- Input data
• • • • • • •
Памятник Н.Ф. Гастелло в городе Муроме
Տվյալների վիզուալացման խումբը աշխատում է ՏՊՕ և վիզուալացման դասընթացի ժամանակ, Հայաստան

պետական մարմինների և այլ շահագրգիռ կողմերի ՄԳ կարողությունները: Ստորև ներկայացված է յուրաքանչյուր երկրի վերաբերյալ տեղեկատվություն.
• • • • • • •
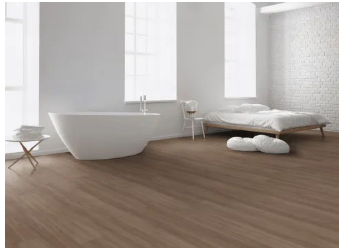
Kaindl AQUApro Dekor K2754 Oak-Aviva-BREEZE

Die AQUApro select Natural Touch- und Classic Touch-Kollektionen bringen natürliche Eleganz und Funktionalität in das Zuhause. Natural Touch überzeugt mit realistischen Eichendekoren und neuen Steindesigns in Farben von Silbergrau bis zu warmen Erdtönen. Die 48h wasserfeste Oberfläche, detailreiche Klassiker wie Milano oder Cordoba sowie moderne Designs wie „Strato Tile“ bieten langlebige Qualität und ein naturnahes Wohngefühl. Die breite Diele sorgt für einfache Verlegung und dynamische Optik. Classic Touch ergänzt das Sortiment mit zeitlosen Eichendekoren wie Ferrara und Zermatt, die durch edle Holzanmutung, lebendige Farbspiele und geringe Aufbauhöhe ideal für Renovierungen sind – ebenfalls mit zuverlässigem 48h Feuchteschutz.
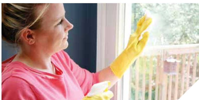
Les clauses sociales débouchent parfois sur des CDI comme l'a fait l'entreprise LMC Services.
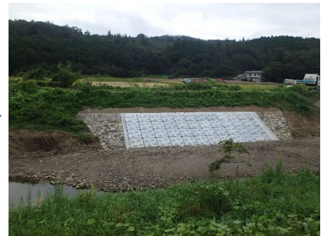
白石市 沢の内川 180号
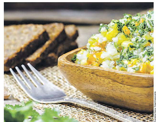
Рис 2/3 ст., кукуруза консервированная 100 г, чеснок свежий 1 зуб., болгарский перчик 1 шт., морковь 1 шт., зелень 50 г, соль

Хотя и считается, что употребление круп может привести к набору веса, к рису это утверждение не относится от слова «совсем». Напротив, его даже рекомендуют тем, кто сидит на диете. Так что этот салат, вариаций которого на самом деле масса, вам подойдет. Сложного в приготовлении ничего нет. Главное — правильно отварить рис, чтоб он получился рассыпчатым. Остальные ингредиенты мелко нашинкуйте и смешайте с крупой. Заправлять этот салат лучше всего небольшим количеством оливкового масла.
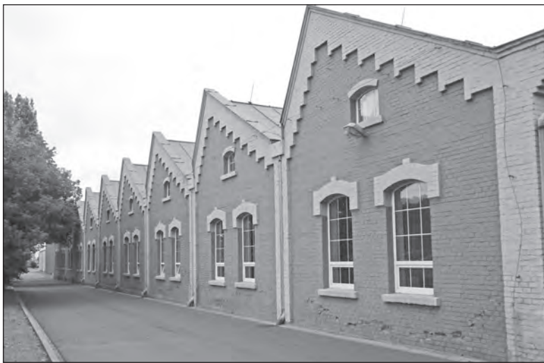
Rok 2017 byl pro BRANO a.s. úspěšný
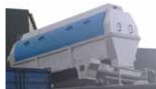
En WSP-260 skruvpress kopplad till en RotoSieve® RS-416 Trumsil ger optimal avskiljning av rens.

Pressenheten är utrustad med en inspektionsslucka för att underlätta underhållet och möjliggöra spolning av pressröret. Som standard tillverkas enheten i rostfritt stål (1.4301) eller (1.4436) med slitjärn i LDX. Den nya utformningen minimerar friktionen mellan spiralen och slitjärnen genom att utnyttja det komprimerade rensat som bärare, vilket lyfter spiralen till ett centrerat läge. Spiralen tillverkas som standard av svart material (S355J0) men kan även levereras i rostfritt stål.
• • • • • • •
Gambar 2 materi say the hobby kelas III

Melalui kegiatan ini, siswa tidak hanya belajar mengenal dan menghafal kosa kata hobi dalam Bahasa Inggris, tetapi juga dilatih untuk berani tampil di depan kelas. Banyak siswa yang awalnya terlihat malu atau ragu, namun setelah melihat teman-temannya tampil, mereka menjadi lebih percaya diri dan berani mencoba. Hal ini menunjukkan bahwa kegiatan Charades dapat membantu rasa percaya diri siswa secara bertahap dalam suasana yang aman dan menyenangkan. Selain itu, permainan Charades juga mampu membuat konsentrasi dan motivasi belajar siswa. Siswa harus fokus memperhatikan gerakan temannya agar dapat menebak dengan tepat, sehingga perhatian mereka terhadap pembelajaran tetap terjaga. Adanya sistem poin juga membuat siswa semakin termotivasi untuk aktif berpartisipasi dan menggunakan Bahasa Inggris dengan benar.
• • • • • • •
- Exercise goal
Only one stretch of the entries above is needed: the lines from the one containing "Die AQUApro select" through the one containing "En WSP-260 skruvpress". Copy it exactly, without the pictures.

- Written solution
Die AQUApro select Natural Touch- und Classic Touch-Kollektionen bringen natürliche Eleganz und Funktionalität in das Zuhause. Natural Touch überzeugt mit realistischen Eichendekoren und neuen Steindesigns in Farben von Silbergrau bis zu warmen Erdtönen. Die 48h wasserfeste Oberfläche, detailreiche Klassiker wie Milano oder Cordoba sowie moderne Designs wie „Strato Tile“ bieten langlebige Qualität und ein naturnahes Wohngefühl. Die breite Diele sorgt für einfache Verlegung und dynamische Optik. Classic Touch ergänzt das Sortiment mit zeitlosen Eichendekoren wie Ferrara und Zermatt, die durch edle Holzanmutung, lebendige Farbspiele und geringe Aufbauhöhe ideal für Renovierungen sind – ebenfalls mit zuverlässigem 48h Feuchteschutz.
Les clauses sociales débouchent parfois sur des CDI comme l'a fait l'entreprise LMC Services.
白石市 沢の内川 180号
Рис 2/3 ст., кукуруза консервированная 100 г, чеснок свежий 1 зуб., болгарский перчик 1 шт., морковь 1 шт., зелень 50 г, соль

Хотя и считается, что употребление круп может привести к набору веса, к рису это утверждение не относится от слова «совсем». Напротив, его даже рекомендуют тем, кто сидит на диете. Так что этот салат, вариаций которого на самом деле масса, вам подойдет. Сложного в приготовлении ничего нет. Главное — правильно отварить рис, чтоб он получился рассыпчатым. Остальные ингредиенты мелко нашинкуйте и смешайте с крупой. Заправлять этот салат лучше всего небольшим количеством оливкового масла.
Rok 2017 byl pro BRANO a.s. úspěšný
En WSP-260 skruvpress kopplad till en RotoSieve® RS-416 Trumsil ger optimal avskiljning av rens.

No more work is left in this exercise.